I can feel it in my bones. This longing, wanting, a needing really. It’s like a heavy emptiness weighing upon my chest. I find myself longing for the night I wish I could forget. Despite the pain that existed in those fleeting moments and in between those few choice words, and the chaos that surrounded us, I know that I was loved. In your own cruel way, you loved me. Sure, it was demented and twisted, and you were as mean as anyone can every be, but still the truth remains, I was loved by you.
Now I am left wondering if I will ever find it again. True love, but without all the pain that went along with it. I know real love is without all the pretenses. That it is without the fist that bruise skin, the bites that tear my body to shreds, and the kicks that break bones. If I am truly loved by someone, I shouldn’t have to always hide and tell lies about the bruises and scars that exist on my body. I know you loved me, but you never really loved me – at least not as a human being, I was nothing more than mere property you possessed, I belonged to you and there was nothing romantic about that sentiment.
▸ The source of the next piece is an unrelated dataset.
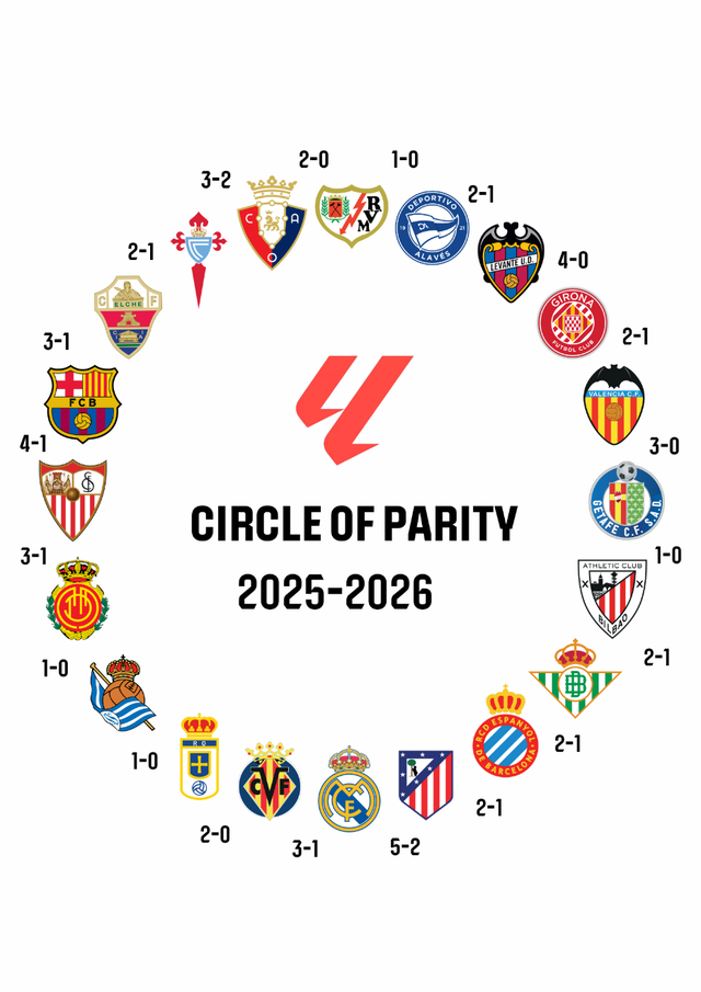 “胜负闭环”(Circle of Parity),这一源自美国国家橄榄球联盟(NFL)的独特概念,如今已跨越重洋,在欧洲足坛掀起热潮。它不仅是对竞技水平的高度概括,更以数学逻辑揭示了“联赛之内,人人皆可战胜对手”的深刻内涵。而在众多欧洲联赛中,西甲联赛(LALIGA EA Sports)本赛季的表现尤为抢眼,提前完成了这一壮举,成为平衡竞争的典范。

Real, true love comes without all that mess that lies in between the words that aren’t being said. Yes, love is messy on its own accord, but it does not borderline on abuse. Love is simple. Love doesn’t cause you to find ways to allow you to become unattached from reality so you can simply cope with breathing, concentrating on the next lie you will tell, the next lie you allow yourself to believe.
I use to think that you damaged me, but it took years of recovery to realize I was already damaged when I found my way to you. The last little bit of hope I clung to broke when I met you. But in the years since, I have found my strength, I have once again become whole. I realize that I do not need you and I was nothing more than a bunching bag to you.
You are a hollow shell of a man and I sincerely hope you received the help you so desperately needed so that you never lay a hand on another women in a way that is nothing but loving, kind, and gentle. I hope you have learned since our time together what love really is, because all we ever had was what love really isn’t. I truly mean what I say, I pray you have changed and you have found healing from your own demons that haunted you from the abuse of your own childhood.
I know hurting people hurt people and it was a lethal combination when we united, two abused kids trying to reconcile something good out of the ashes of our past and our broken misconceptions of love. No wonder we self destructed in a matter of months. It was over long before it ever began. I never understood that saying until I met you, until I was destroyed by you.
I say all that I have said to say this, I forgive you. I free and release you from the destruction of our past that bound us. I have moved on, am still working towards moving on and I will one day meet and find someone who loves me for me and loves me the way I am meant to be loved. I sincerely hope the same for you.
Cheers to a life that has been lived, cheers to a life that has been survived, and cheers to a life that has hope on the other side.